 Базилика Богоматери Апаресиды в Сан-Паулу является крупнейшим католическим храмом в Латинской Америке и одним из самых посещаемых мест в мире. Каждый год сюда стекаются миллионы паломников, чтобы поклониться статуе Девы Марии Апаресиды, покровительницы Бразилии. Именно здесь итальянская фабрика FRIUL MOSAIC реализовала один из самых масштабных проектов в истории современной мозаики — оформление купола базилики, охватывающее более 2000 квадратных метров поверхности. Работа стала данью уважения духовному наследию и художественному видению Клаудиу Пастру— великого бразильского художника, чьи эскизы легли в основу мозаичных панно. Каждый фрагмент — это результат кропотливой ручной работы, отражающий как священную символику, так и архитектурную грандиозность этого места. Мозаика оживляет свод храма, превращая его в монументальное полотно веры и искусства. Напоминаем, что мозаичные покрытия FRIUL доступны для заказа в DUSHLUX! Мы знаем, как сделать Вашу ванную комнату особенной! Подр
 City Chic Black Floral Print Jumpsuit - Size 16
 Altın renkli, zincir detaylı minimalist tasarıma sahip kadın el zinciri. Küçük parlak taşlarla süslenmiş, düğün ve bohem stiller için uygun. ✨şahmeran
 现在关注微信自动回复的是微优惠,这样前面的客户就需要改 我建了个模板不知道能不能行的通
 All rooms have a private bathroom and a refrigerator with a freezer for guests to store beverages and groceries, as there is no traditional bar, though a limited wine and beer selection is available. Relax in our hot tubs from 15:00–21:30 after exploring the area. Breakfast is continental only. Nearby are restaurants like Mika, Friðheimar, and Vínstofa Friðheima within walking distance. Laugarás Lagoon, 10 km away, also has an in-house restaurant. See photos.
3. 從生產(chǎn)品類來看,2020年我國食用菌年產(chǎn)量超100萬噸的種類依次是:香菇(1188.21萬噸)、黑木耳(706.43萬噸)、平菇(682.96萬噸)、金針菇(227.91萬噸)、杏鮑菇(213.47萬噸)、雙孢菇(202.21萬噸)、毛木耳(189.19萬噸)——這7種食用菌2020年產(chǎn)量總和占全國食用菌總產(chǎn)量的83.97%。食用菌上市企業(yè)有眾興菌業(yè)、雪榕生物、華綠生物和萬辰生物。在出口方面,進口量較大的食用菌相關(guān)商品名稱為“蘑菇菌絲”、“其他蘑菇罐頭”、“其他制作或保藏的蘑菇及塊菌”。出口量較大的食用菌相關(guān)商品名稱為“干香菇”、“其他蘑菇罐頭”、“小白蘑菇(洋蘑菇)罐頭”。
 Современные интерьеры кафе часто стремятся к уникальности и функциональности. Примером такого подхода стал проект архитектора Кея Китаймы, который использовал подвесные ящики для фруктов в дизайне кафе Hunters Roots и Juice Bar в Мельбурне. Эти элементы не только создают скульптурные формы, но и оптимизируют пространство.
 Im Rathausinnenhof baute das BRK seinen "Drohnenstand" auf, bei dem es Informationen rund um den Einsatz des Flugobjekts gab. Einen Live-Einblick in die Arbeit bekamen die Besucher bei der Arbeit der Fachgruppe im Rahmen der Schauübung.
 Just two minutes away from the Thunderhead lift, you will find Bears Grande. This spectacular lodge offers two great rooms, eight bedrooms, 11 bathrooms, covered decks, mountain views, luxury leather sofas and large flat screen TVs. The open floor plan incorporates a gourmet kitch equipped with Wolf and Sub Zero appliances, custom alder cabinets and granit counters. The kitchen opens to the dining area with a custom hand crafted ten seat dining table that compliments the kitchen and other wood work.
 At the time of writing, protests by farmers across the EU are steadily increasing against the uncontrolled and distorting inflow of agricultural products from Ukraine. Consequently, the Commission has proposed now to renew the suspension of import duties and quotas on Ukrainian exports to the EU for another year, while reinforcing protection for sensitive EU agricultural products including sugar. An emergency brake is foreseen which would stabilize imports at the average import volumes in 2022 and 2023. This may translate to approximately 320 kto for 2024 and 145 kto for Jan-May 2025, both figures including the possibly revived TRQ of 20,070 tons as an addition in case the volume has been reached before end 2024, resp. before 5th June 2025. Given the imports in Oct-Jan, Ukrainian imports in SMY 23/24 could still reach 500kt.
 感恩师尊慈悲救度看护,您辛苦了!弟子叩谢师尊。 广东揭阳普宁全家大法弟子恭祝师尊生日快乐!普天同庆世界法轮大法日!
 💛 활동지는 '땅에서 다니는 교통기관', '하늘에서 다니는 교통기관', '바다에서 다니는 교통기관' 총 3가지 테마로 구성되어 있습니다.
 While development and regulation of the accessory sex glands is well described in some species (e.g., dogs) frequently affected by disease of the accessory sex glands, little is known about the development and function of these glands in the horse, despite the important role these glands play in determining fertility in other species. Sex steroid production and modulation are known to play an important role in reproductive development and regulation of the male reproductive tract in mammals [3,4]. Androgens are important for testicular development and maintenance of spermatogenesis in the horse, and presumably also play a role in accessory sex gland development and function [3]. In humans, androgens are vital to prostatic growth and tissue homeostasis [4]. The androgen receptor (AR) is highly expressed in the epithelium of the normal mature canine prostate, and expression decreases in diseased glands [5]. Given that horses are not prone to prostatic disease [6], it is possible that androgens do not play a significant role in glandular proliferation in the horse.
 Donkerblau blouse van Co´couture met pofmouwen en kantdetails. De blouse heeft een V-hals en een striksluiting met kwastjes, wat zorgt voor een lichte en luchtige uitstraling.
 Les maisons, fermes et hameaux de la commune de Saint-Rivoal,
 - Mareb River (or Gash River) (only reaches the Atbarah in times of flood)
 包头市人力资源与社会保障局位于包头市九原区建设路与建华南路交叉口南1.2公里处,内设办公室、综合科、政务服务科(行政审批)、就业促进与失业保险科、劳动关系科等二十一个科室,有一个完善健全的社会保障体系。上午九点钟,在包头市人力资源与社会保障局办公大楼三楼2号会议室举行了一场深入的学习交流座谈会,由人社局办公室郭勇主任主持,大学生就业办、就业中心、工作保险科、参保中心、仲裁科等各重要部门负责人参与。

----

PROBLEM DETAILS.
Nothing but the full listing, copied exactly, belongs in the answer.

FINAL ANSWER.
 Базилика Богоматери Апаресиды в Сан-Паулу является крупнейшим католическим храмом в Латинской Америке и одним из самых посещаемых мест в мире. Каждый год сюда стекаются миллионы паломников, чтобы поклониться статуе Девы Марии Апаресиды, покровительницы Бразилии. Именно здесь итальянская фабрика FRIUL MOSAIC реализовала один из самых масштабных проектов в истории современной мозаики — оформление купола базилики, охватывающее более 2000 квадратных метров поверхности. Работа стала данью уважения духовному наследию и художественному видению Клаудиу Пастру— великого бразильского художника, чьи эскизы легли в основу мозаичных панно. Каждый фрагмент — это результат кропотливой ручной работы, отражающий как священную символику, так и архитектурную грандиозность этого места. Мозаика оживляет свод храма, превращая его в монументальное полотно веры и искусства. Напоминаем, что мозаичные покрытия FRIUL доступны для заказа в DUSHLUX! Мы знаем, как сделать Вашу ванную комнату особенной! Подр
 City Chic Black Floral Print Jumpsuit - Size 16
 Altın renkli, zincir detaylı minimalist tasarıma sahip kadın el zinciri. Küçük parlak taşlarla süslenmiş, düğün ve bohem stiller için uygun. ✨şahmeran
 现在关注微信自动回复的是微优惠,这样前面的客户就需要改 我建了个模板不知道能不能行的通
 All rooms have a private bathroom and a refrigerator with a freezer for guests to store beverages and groceries, as there is no traditional bar, though a limited wine and beer selection is available. Relax in our hot tubs from 15:00–21:30 after exploring the area. Breakfast is continental only. Nearby are restaurants like Mika, Friðheimar, and Vínstofa Friðheima within walking distance. Laugarás Lagoon, 10 km away, also has an in-house restaurant. See photos.
3. 從生產(chǎn)品類來看,2020年我國食用菌年產(chǎn)量超100萬噸的種類依次是:香菇(1188.21萬噸)、黑木耳(706.43萬噸)、平菇(682.96萬噸)、金針菇(227.91萬噸)、杏鮑菇(213.47萬噸)、雙孢菇(202.21萬噸)、毛木耳(189.19萬噸)——這7種食用菌2020年產(chǎn)量總和占全國食用菌總產(chǎn)量的83.97%。食用菌上市企業(yè)有眾興菌業(yè)、雪榕生物、華綠生物和萬辰生物。在出口方面,進口量較大的食用菌相關(guān)商品名稱為“蘑菇菌絲”、“其他蘑菇罐頭”、“其他制作或保藏的蘑菇及塊菌”。出口量較大的食用菌相關(guān)商品名稱為“干香菇”、“其他蘑菇罐頭”、“小白蘑菇(洋蘑菇)罐頭”。
 Современные интерьеры кафе часто стремятся к уникальности и функциональности. Примером такого подхода стал проект архитектора Кея Китаймы, который использовал подвесные ящики для фруктов в дизайне кафе Hunters Roots и Juice Bar в Мельбурне. Эти элементы не только создают скульптурные формы, но и оптимизируют пространство.
 Im Rathausinnenhof baute das BRK seinen "Drohnenstand" auf, bei dem es Informationen rund um den Einsatz des Flugobjekts gab. Einen Live-Einblick in die Arbeit bekamen die Besucher bei der Arbeit der Fachgruppe im Rahmen der Schauübung.
 Just two minutes away from the Thunderhead lift, you will find Bears Grande. This spectacular lodge offers two great rooms, eight bedrooms, 11 bathrooms, covered decks, mountain views, luxury leather sofas and large flat screen TVs. The open floor plan incorporates a gourmet kitch equipped with Wolf and Sub Zero appliances, custom alder cabinets and granit counters. The kitchen opens to the dining area with a custom hand crafted ten seat dining table that compliments the kitchen and other wood work.
 At the time of writing, protests by farmers across the EU are steadily increasing against the uncontrolled and distorting inflow of agricultural products from Ukraine. Consequently, the Commission has proposed now to renew the suspension of import duties and quotas on Ukrainian exports to the EU for another year, while reinforcing protection for sensitive EU agricultural products including sugar. An emergency brake is foreseen which would stabilize imports at the average import volumes in 2022 and 2023. This may translate to approximately 320 kto for 2024 and 145 kto for Jan-May 2025, both figures including the possibly revived TRQ of 20,070 tons as an addition in case the volume has been reached before end 2024, resp. before 5th June 2025. Given the imports in Oct-Jan, Ukrainian imports in SMY 23/24 could still reach 500kt.
 感恩师尊慈悲救度看护,您辛苦了!弟子叩谢师尊。 广东揭阳普宁全家大法弟子恭祝师尊生日快乐!普天同庆世界法轮大法日!
 💛 활동지는 '땅에서 다니는 교통기관', '하늘에서 다니는 교통기관', '바다에서 다니는 교통기관' 총 3가지 테마로 구성되어 있습니다.
 While development and regulation of the accessory sex glands is well described in some species (e.g., dogs) frequently affected by disease of the accessory sex glands, little is known about the development and function of these glands in the horse, despite the important role these glands play in determining fertility in other species. Sex steroid production and modulation are known to play an important role in reproductive development and regulation of the male reproductive tract in mammals [3,4]. Androgens are important for testicular development and maintenance of spermatogenesis in the horse, and presumably also play a role in accessory sex gland development and function [3]. In humans, androgens are vital to prostatic growth and tissue homeostasis [4]. The androgen receptor (AR) is highly expressed in the epithelium of the normal mature canine prostate, and expression decreases in diseased glands [5]. Given that horses are not prone to prostatic disease [6], it is possible that androgens do not play a significant role in glandular proliferation in the horse.
 Donkerblau blouse van Co´couture met pofmouwen en kantdetails. De blouse heeft een V-hals en een striksluiting met kwastjes, wat zorgt voor een lichte en luchtige uitstraling.
 Les maisons, fermes et hameaux de la commune de Saint-Rivoal,
 - Mareb River (or Gash River) (only reaches the Atbarah in times of flood)
 包头市人力资源与社会保障局位于包头市九原区建设路与建华南路交叉口南1.2公里处,内设办公室、综合科、政务服务科(行政审批)、就业促进与失业保险科、劳动关系科等二十一个科室,有一个完善健全的社会保障体系。上午九点钟,在包头市人力资源与社会保障局办公大楼三楼2号会议室举行了一场深入的学习交流座谈会,由人社局办公室郭勇主任主持,大学生就业办、就业中心、工作保险科、参保中心、仲裁科等各重要部门负责人参与。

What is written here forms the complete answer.